It’s time to reveal the winner of the Guess the Cigar Contest i conducted exactly a week ago: Sam (a few Sams took part, the one with a email address)! An email will be coming your way shortly to ask for your mailing address. Congratulations!

He was the first person to guess the cigar as what it was, a Juan Lopez Seleccion #1. From a 2006 box, again from the treasure trove that is the Havana Club at Le Meridien, Kuala Lumpur.

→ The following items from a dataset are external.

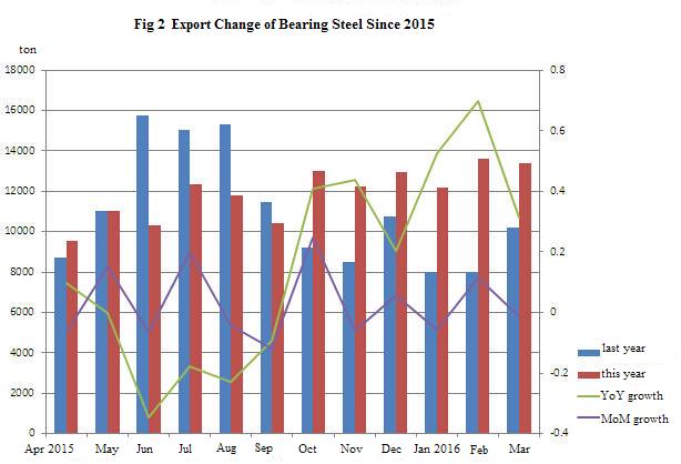 2. Output of finished bearing steel from January to March: decreased YoY as reported by the majority of steel mills
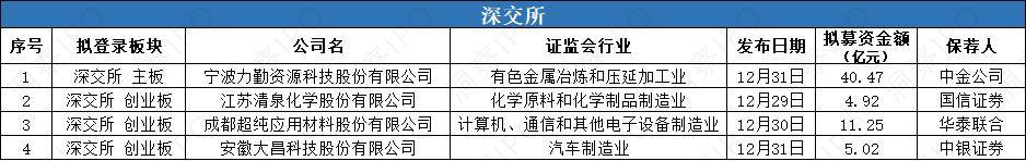 12月31日,宁波力勤资源科技股份有限公司(以下简称“力勤资源”)深市主板IPO获受理,保荐机构为中金公司。
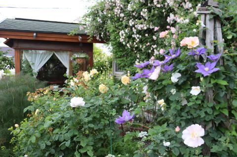 その前、5月6日にはアーチも完成させてました! アーチの外側からヒマラヤンムスクに押されて傾くため、ヒマラヤンムスクをアーチの内側にしてしまった夫の斬新な設計。 この発想もおみごと! |

After a particularly good day at the office, i adjourned to the Havana Club with Ming Thein, talented photographer and good friend. He wanted to try the Punch Royal Seleccion No. 11 i had been raving about a few weeks earlier, from a 2005 box. Initially, i was going to smoke that as well, until i turned over a Juan Lopez #1 from 2006. Quite a find! Readers of My Cigar Blog will know that i’m a fan of the Juan Lopez marquee, so to find a box of #1s from 2006 was a real thrill. A perfect way to end a perfect day; purple patches don’t come often, and i’ve never looked a gift horse in the mouth!

Back to the cigar. It was in perfect condition. The draw was just right, a nice touch of resistance, just the way i like it. It seems that i haven’t had a plugged or, worse, a loose drawing cigar in years; since 1999-2000, the cigars have been impeccable in this regard, due to Habanos importing in draw machine testers from Altadis SA around that time.

Smoking it was a terrific experience. The flavours were quite mellow, much more so than i normally prefer, suggesting that the Juan Lopez blend of cigars do age quite quickly and hit a maturation point quite fast, relatively speaking. At 6 years old, it felt as though it was at it’s peak, perhaps holding it for another 3 or 4 years max, then declining into blandness. The Juan Lopez was blended to be smoked right away, and it’s lovely as a young cigar.

The flavour profile was classic Juan Lopez: leathery chocolate, with large shades of dark vanilla. Some cane sugar sweetness on the finish of each draw. The cigar evolves into the second half quite nicely with a turn into spicy cinnamon and cloves. Not a hint of pepper and chili, that you’d normally find in a younger specimen. All the while being treated to a musky avalanche of smoke with a luxurious draw.






Verdict: 90/100. It’s a great cigar, the Juan Lopez #1. If you ever run across a box or two with 5 years or more of age on it, don’t hesitate to pull the trigger.